I wrote an elementary program. :) The program’s flow is here:

  1. The program prepares two arrays ( A and B ) with random numbers on Host.
  2. It copy two arrays from host to device.
  3. 1 SP in GPU compute C[i] = A[i] * B[i] + 1.0 for each elements.
  4. Program copy the result C from device to host.

In initial 16 steps, computation seems very fast, but after 17th step, computation seems very slow.
I can see immediately on the screen:
|…|…
But next character(.) appear a short time later.

Why do CUDA cause slowdown? How can I improve this program?

Hardware : GeForce 8800GTS with 320 MB memory
OS : Linux Cent OS 4.5

I attach the full source code with this post.

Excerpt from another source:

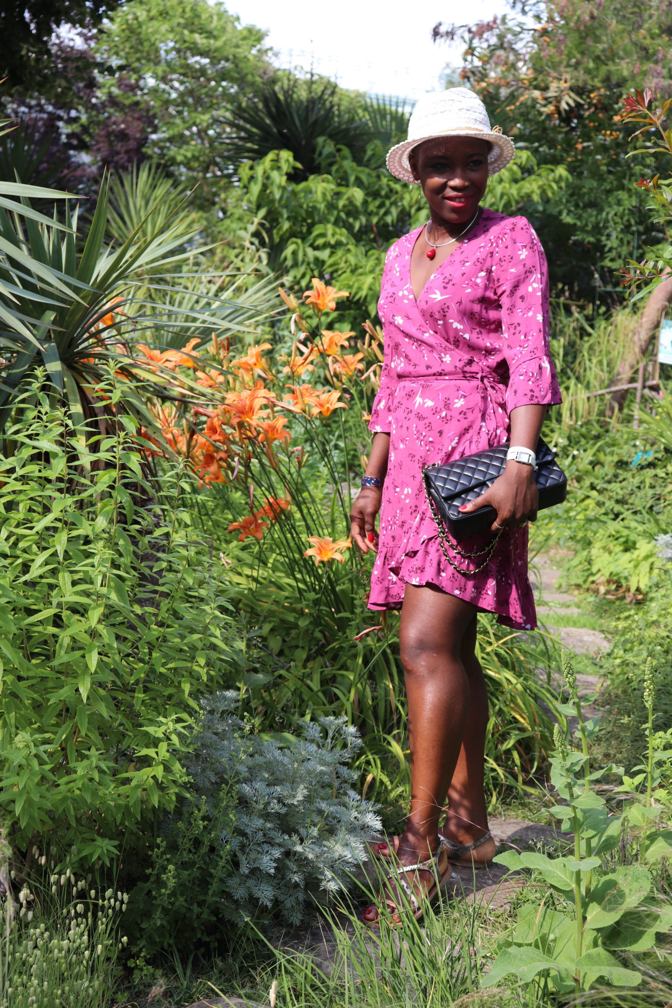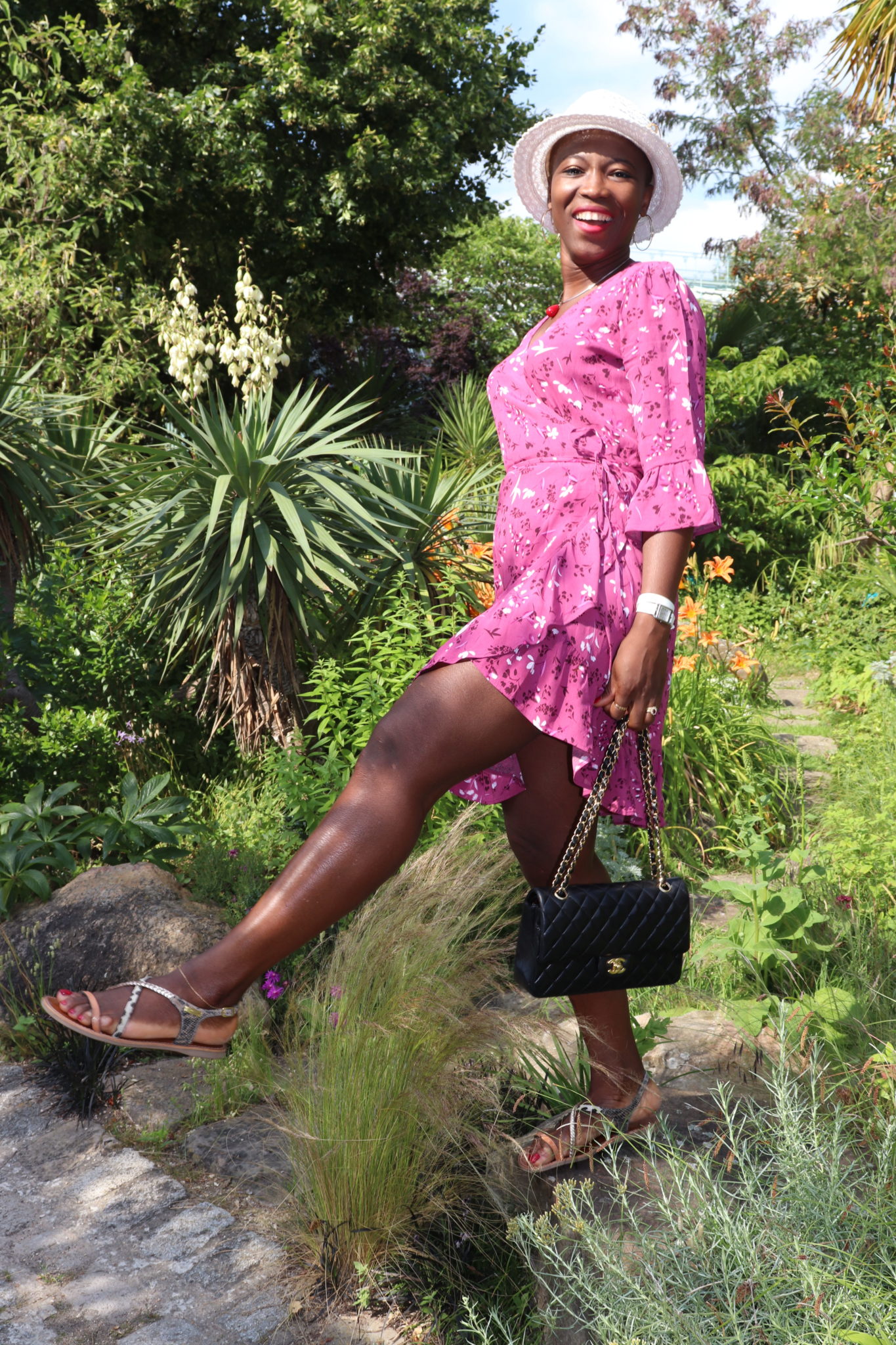 - Robe rose fleurie GAP, Sandales les tropéziennes, bracelet bangle- up Paris, sac chanel Timeless, chapeau Balaboosté Paris.
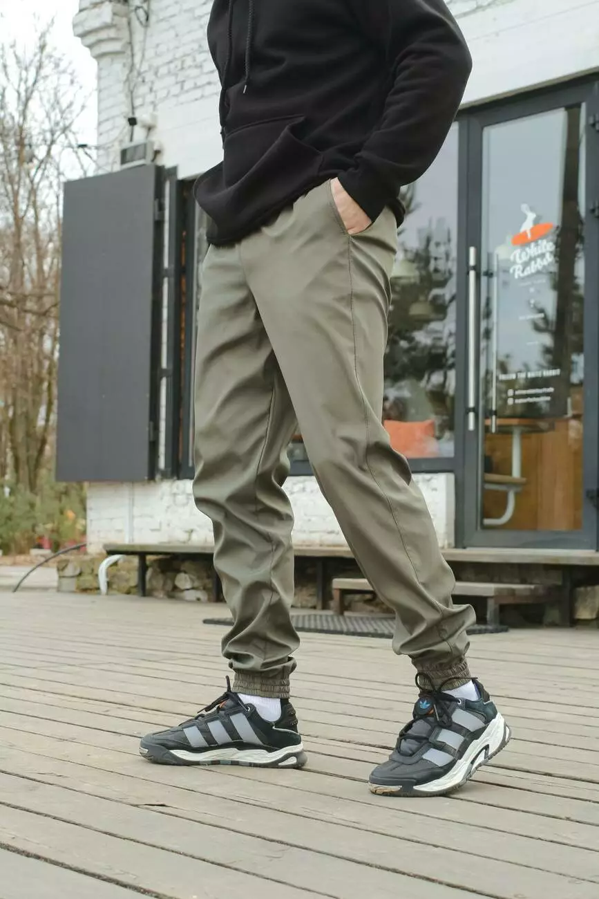 - Внизу штани фіксуються за допомогою еластичних манжетів.

[attachment=3917:attachment]

----device’s kernel code ----------
global void kernelDevice( float* d_a, float* d_b, float* d_c, int nx, int loadLevel){
for(int itr=0; itr< loadLevel; itr++)
for(int i=0;i<nx; i++){
d_c[i] = d_a[i] * d_b[i] + 1.0;
}
__syncthreads();
}

— host side program (partial code)-----
int array_size = 100100100;
int max_itr=100;
int loadLevel=100;

dim3 grid( 1, 1, 1);
dim3 threads( 1, 1, 1);

// execute the kernel
for(int i=0;i<max_itr;i++){
if( !(i%10) ) putchar(’|’); fflush(stdout);
putchar(’.’); fflush(stdout);
kernelDevice<<< grid, threads, 0 >>>( d_a, d_b, d_c, array_size,loadLevel);
}

sample.txt (5.28 KB)

You are using a single processor out of the 96 available.

Take a look at this code to add 2 vectors:
http://forums.nvidia.com/index.php?showtopic=34309

Thank you very much for your fast reply!

As you said, I use single processor and I am not planning to use multi processors in that sample program. :))

I am confused because the program runs smoothly before the 16-th step but calculation speed becomes slow suddenly after the 17-th step. :(

Why do it?

I will check it.

Thanks

Note that kernel launches are asynchronous in CUDA 1.0, so when you print the “.”, the kernel has not necessarily completed. I expect the slowdown after 16 iterations is caused by some internal launch buffer being full.

If you add a call to cudaThreadSynchronize() after each kernel call you’ll get a better idea of how long it’s really taking.

Thank you for your reply.

I try introducing cudaThreadSynchronize() into for-loop in that code

and I found that the dot(.) appeared one by one.

Thanks